Follow safety regulations isn’t just the right thing to do, it also keeps employers on the right side of the law. Failing to meet working at height standards and providing unsafe access equipment on the job can result in major fines, void insurance and even company shutdowns.
There are a number of high-risk jobs in particular that employers need to be aware of, especially when it comes to roof work. A large proportion of accidents occur when workers fall through fragile roofs and fragile roof lights. Other fragile surfaces included glass, slates and tiles, rotten chipboard and liner panels on built-up sheeted roofs.
The need to comply with regulations
Employers, along with anyone else in control of any work at height activity have to make sure work is properly planned, supervised and carried out by trained staff. Employers have to provide a duty of care to their employees, through providing safe equipment and machinery as well as proper training.
Obviously, the duty of care does not apply if an employee is using a machine in an unsafe or unsuitable manner. However, if the employee did not know that such a use was unsafe, and the employer had not taken steps to inform and train him, a claim might still be possible.

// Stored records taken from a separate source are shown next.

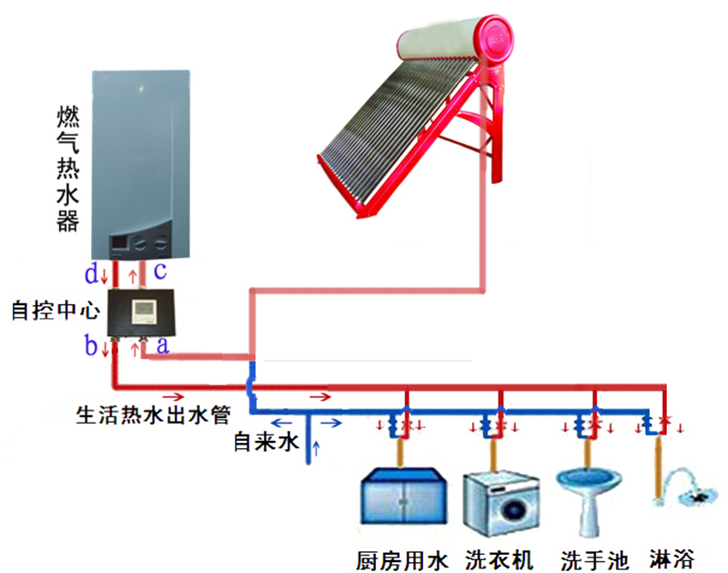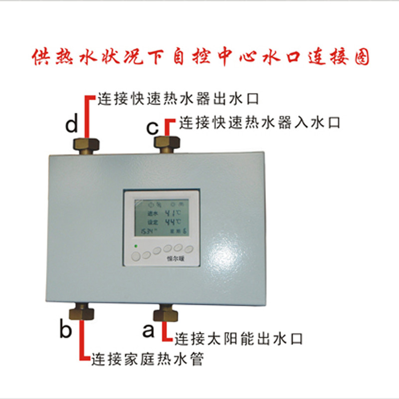 为解决上述所说的问题,合肥恒暖暖通设备有限公司发明了“太阳能+快速热水器自控中心”。该自控装置能用户在使用热水时,根据设定水温与实际水温的对比,智能切换太阳能热水器与快速式热水器(燃气热水器、燃气壁挂炉即热式电热水器),在太阳能热水器的出水水温能够达到设定温度时,不开启快速式热水器,当太阳能出水温度达不到设定温度时,自动开启快速式热水器,这时太阳能热流出来的水再通过快速式热水器进行二次加热这样既节能又十分方便,无需再人工手动操作。
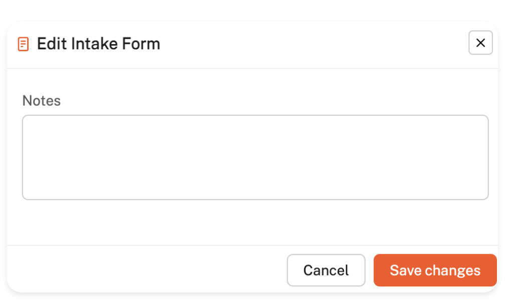 Intake forms are jurisdiction specific forms that allow you to add notes and other information depending on how the form is configured. You can edit the intake form using this option.
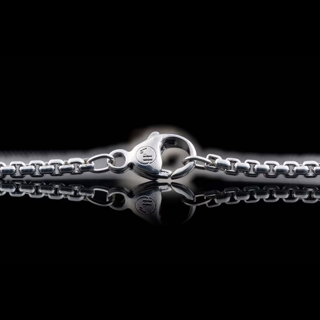 响尾蛇吊坠 (Rattler) 是一款引人注目的吊坠,其灵感源自响尾蛇尾巴的雕刻纯银底座,连接着一颗美丽的南洋珍珠,隐形镶嵌,营造出色彩、纹理和形状的浑然一体、意想不到的和谐统一。吊坠搭配一条精致的纯银威尼斯盒形链条,轻度氧化,手工抛光。这款吊坠体现了威廉·亨利 (William Henry) 的核心设计风格——低调而强烈。
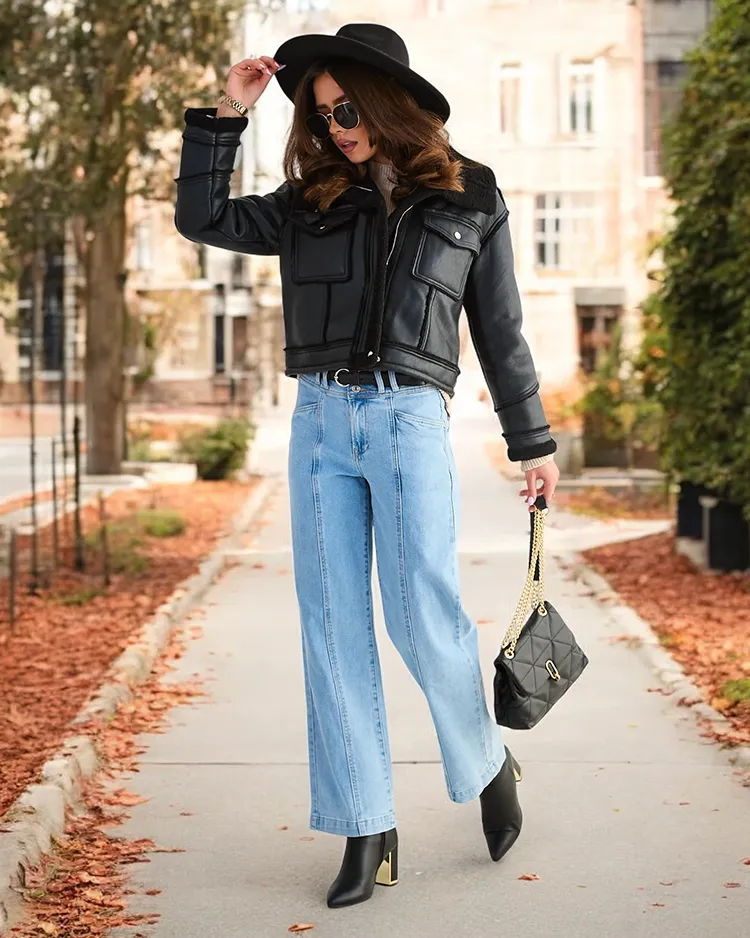 - Women's eco-leather jacket with fur inserts. The model has 2 pockets and a zipper closure. Lined inside with warm fur-like material. Perfect addition to autumn outfits!

Since 1968, the Defective Equipment Act has ensured that employers are held liable for injuries caused by defective equipment – even if someone else manufactured the equipment in a negligent fashion. It is still an employer’s responsibility to carry out thorough checks and risk assessments on every piece of equipment they allow their employees to use. So, if an employee suffers a personal injury in the course of his employment, and as a result of a defect in the unsafe access equipment provided by his employer for the purposes of business, then the employer can be treated as liable for the injury suffered.
Fines, damages and serious injuries: real world examples
- Firm pays damages after using unsafe equipment
Home Group, in Whitehaven had to pay a large sum in compensation after a labourer suffered a hernia from using access equipment that was too short to reach heights. The company had also failed to train its staff in the safest way to work at a height.
Since paying significant damages, Home Group have provided new ladders and given staff training on how to use them properly.
- Supervisor fined over 10k after 23 year old employee becomes paralysed after fall
Paul Burke, a supervisor for BLS Asbestos Ltd, in West Yorkshire, ignored pleas for safety equipment from an employee, who later was paralysed in a 40ft fall. The employee was working on a re-roofing project at an industrial site and fell 40ft through a warehouse roof light onto a concrete floor. His supervisor failed to give him any protective equipment or safety training despite the employee’s pleas for help.
Durham Crown Court sentenced the supervisor to pay a £1,000 fine and £9,765.88 in costs for his role in the accident.